If we really want to get serious about border security, it is time to put the Washington politicians in a time out and bring in people who know what they are talking about.
At a closed meeting of senior House Democrats a couple of weeks ago, Rep. Carolyn Maloney, D-N.Y., came up with an idea that had some promise: Why not ask the governors of the four states along the U.S.-Mexico border - who happen at the moment to be two Democrats and two Republicans - for their ideas of how best to spend federal money to make the border safer?
Her proposal has not gotten anywhere. But it - or some version of it - deserves serious consideration now that one partial government shutdown is over and another looms.
What is needed is an approach that goes beyond the immediate challenge before a conference committee of House and Senate negotiators. Their task, plenty difficult on its own, is to come up with a spending agreement that soothes President Donald Trump enough to keep the government open past the next deadline, which is Feb. 15.
But they should also take this opportunity to find a more rational way to discuss border security, which is a goal that both parties say they want.
"The best policy is generated from facts and data," Maloney says. "We need to get creative."
The border-state governors, as Maloney noted, have an especially valuable perspective. Whether they would be willing to dive into the middle of this fight is another question.
More than 60 percent of the U.S.-Mexico border runs through Texas. But its Republican governor, Greg Abbott, has been noticeably silent about Trump's demand for $5.7 billion to build a wall.
Still, there is plenty of experience and expertise elsewhere that might be tapped in searching for consensus on border security.
One possibility: Senate Majority Leader Mitch McConnell, R-Ky., and House Speaker Nancy Pelosi, D-Calif., could each appoint a set of experts to a bipartisan commission, give them three months to analyze the security needs at the border, and ask them to prioritize how $5.7 billion should be spent to address those problems. Then, the two congressional leaders could pledge to put their proposal in its entirety to an up-or-down vote in each house of Congress, negating the possibility that it could be picked apart in yet another round of partisan squabbling.
It is easy to dismiss a blue-ribbon-commission approach as simply punting an intractable problem.
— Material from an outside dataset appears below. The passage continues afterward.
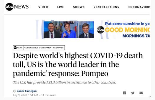 Der US-Fernsehsender American Broadcasting Company (ABC) berichtete am Donnerstag, trotz der höchsten Infektionszahl und Todesfälle habe Pompeo auf der Pressekonferenz mehrfach gesagt, das bedeute nicht, dass die USA kein „führender Leiter im Kampf gegen die COVID-19-Epidemie“ seien. Die ganze Welt erwarte von US-Wissenschaftlern und -Experten, dass sie eine Therapie gegen COVID-19 finden und den Entwicklungsländern helfen würden, so Pompeo weiter.
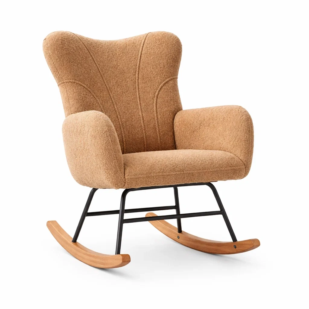 Fauteuil à bascule en tissu bouclé avec cadre en métal et bois

But similar approaches have worked in the past, notably in the early 1980s, when a bipartisan commission helped bring Congress together to make the Social Security system more solvent.
To work, such a panel would have to have credible, balanced leadership - co-chaired, say, by Doris Meissner, who was commissioner of the U.S. Immigration and Naturalization Service under President Bill Clinton, and Michael Chertoff, who was secretary of homeland security under President George W. Bush.
One of the most beneficial things a group of experts could do is define what problems truly exist at the border. Is there a crisis? And if so, what kind of crisis?
It is not the one that Trump claims, with the outrageously inflated - and suspiciously precise - numbers he tweeted Sunday: "We are not even into February and the cost of illegal immigration so far this year is $18,959,495,168. Cost Friday was $603,331,392. There are at least 25,772,342 illegal aliens, not the 11,000,000 that have been reported for years, in our Country."
In fact, as measured by the number of people crossing illegally, the border has become much tighter than it used to be. Apprehensions in recent years have been running at roughly a quarter of what they were at their peak, around the year 2000.
But there are long-standing problems, with obvious solutions. Stemming the flow of illegal drugs, most of which are smuggled through legal checkpoints, calls for greater manpower and more sophisticated detection. And yes, physical barriers have a role as well, as they have for decades.
Meanwhile, there is a newer challenge, with the arrival of record numbers of families and unaccompanied children seeking refuge from violence and poverty. The Trump administration's response, which has been to narrow the means of applying for asylum and tighten the criteria, has served only to sow more chaos at the border, which will worsen with a newly implemented policy that forces migrants to wait in Mexico as their claims are processed in U.S. courts.
So does Congress really want to do anything about border security? If so, the two parties must stop talking past each other. And if the politicians cannot do it, it is time to bring in someone else to make a try.
Karen Tumulty is a Washington Post columnist covering national politics. She joined The Post in 2010 from Time magazine and has also worked at the Los Angeles Times.